Search API V1.2

May 16, 2026 · View on GitHub

Search API V1.2 is a local, non-agentic web search system designed for Large Language Models and built to integrate with Text Generation WebUI via a thin extension layer.

It provides explicit, controllable, and reproducible web search without relying on hidden or hallucinated browsing behavior.

This project was originally developed as the first building block of a larger local AI system (code-named “The Junior”), but is released as a standalone, production-ready component.

Documentation

FAQ (settings, troubleshooting, known limitations): docs/FAQ.md
Changelog (all releases): CHANGELOG.md

Why this exists

Most LLM integrations that claim “web access” suffer from at least one of these problems:

the model hallucinates browsing behavior,
search is implicit and uncontrollable,
results are mixed with generation,
behavior is unpredictable and hard to debug,
installation breaks Python environments.

Search API V1 was designed to solve these problems explicitly and honestly.

Why this is useful

WebSearcher focuses on context optimization and structured retrieval, not raw webpage dumping into the prompt.

Design goals

No hallucinated browsing claims
Clear separation between search and generation
Deterministic, debuggable behavior
One search per user message (V1)
Works with any LLM exposed via an OpenAI-compatible API
Minimal impact on WebUI Python environment
Simple installation (user or system, headless supported)

Core principles

1. Web search is explicit and controllable

The model does not perform hidden or implicit searches on its own.

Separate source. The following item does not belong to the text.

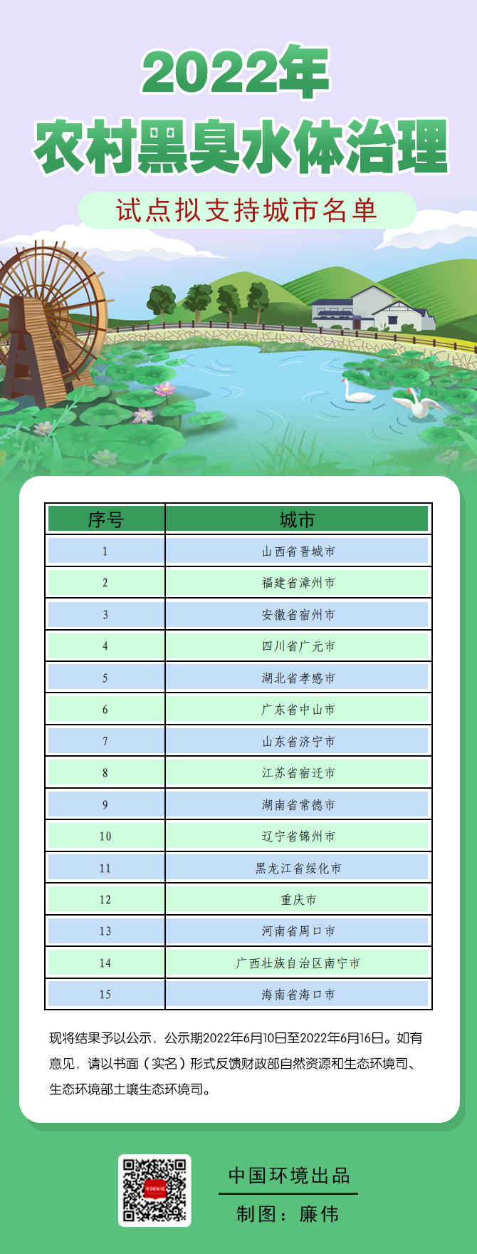 根據(jù)競爭性評審結(jié)果,財政部、生態(tài)環(huán)境部擬將15個城市確定為2022年支持的農(nóng)村黑臭水體治理試點(diǎn)城市,2022年6月10日至2022年6月16日為公示期。期間如有意見,請以書面(實(shí)名)形式反饋財政部自然資源和生態(tài)環(huán)境司、生態(tài)環(huán)境部土壤生態(tài)環(huán)境司。

Search is only possible via an explicit user marker:

???

This completely eliminates hallucinated browsing.

2. One search per user message (V1)

In V1, each user message can trigger at most one search cycle:

rewrite → search → rank → (fetch/extract) → (optional pack)

There are:

no retries,
no loops,
no multi-step agent behavior.

This is intentional, to keep the system:

fast,
predictable,
easy to reason about.

If the model determines that more data is needed, it outputs a new search query and asks the user to repeat the request manually.

3. Only the first trigger is processed

In V1:

only the first ??? marker in a message is processed,
multiple triggers in a single message are not supported.

Architecture overview

The system is designed to work with Text Generation WebUI using its OpenAI-compatible API interface.

User
 ↓
WebUI (thin Python plugin)
 ↓
LLM
 ↓   (SEARCH_QUERY)
Searcher Service (Node.js)
 ├─ Search backend (SearXNG / DuckDuckGo)
 ├─ Snippet ranking (LLM, single call)
 ├─ Fetch & extract (local | jina)
 ├─ Cache (extracted text only)
 ↓
CONTEXT_PACK
 ↓
LLM final answer

Why a thin WebUI plugin + external service?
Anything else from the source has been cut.